Шукшин сказал об этом в беседе с Валерием Фоминым:

«В литературе — другое. Там боязнь, что тебя не поймут, что можешь показаться неинтересным, как-то меньше терзает. Когда пишешь рассказ, меньше думаешь о том, как он будет восприниматься. Конечно, тоже беспокоишься, но не так, как в кино. Книга уходит с прилавка — что с ней дальше? Кто ее читает? Как? Тут трудно уследить, даже если и захочешь.

А в кино ты весь как на ладошке. Тут все наглядно очень проявляется. Зал сидит, затаив дыхание, смеется, кто-то слезы вытирает. Значит, задел за душу. Либо, глядишь, фильм только-только начался, а народ уже к выходу повалил. Тут вот и наступает для тебя самая жуткая казнь. Видишь сам, что промазал, оказался беспомощным, сказал что-то не то или не так. И тут не может быть для тебя другой более лютой казни, чем этот на глазах редеющий зал. Вот почему я не могу позволить себе роскошь снимать фильмы так, чтобы их не понимали».

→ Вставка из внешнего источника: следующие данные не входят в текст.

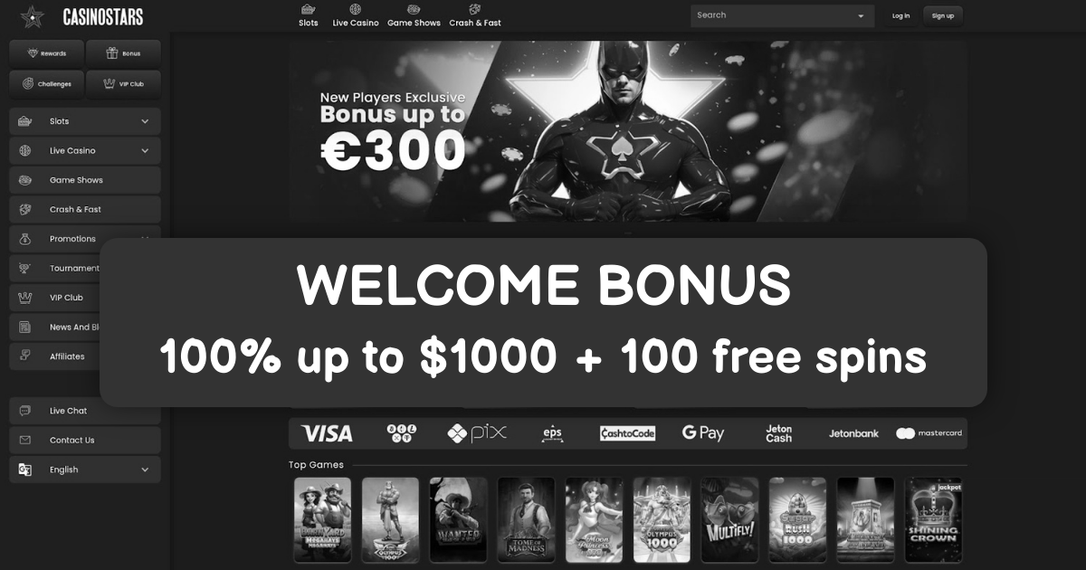 New players at CasinoStars are greeted with a generous 100% match bonus up to €/$300, designed primarily for slot enthusiasts. This substantial welcome offer effectively doubles your initial deposit, providing significant additional playing power from the moment you join the casino.

Фильмы — не мог позволить, а рассказы — мог. И еще как позволял. Поздний Шукшин за редким исключением вообще как-то меньше известен среди любителей литературы, навеки пристегнувших его к безобидным «чудикам», хотя поздняя проза — это, может быть, самое интересное, самое неожиданное из того, что он написал. Достаточно цельный при всех своих противоречиях художественный мир Шукшина 1960-х годов, в 1970-е не то чтобы раскалывается, но дает побеги в разные стороны. Наряду с документализмом рассказов, условно говоря, автобиографических («Рыжий», «Мечты», «Кляуза») и, как это ни парадоксально, мистических («Сны матери», «На кладбище»), у Шукшина выходили произведения откровенно анекдотические, хулиганские, экстремальные — такие, как объединенные в мини-цикл под названием «Две совершенно нелепые истории», рассказы «Как Андрей Иванович Куринков, ювелир, получил 15 суток» и «Ночью в бойлерной». И это совсем другой, неожиданный Шукшин. Какой-то андеграунд, диссидентская усмешка либо пародия на «самиздат».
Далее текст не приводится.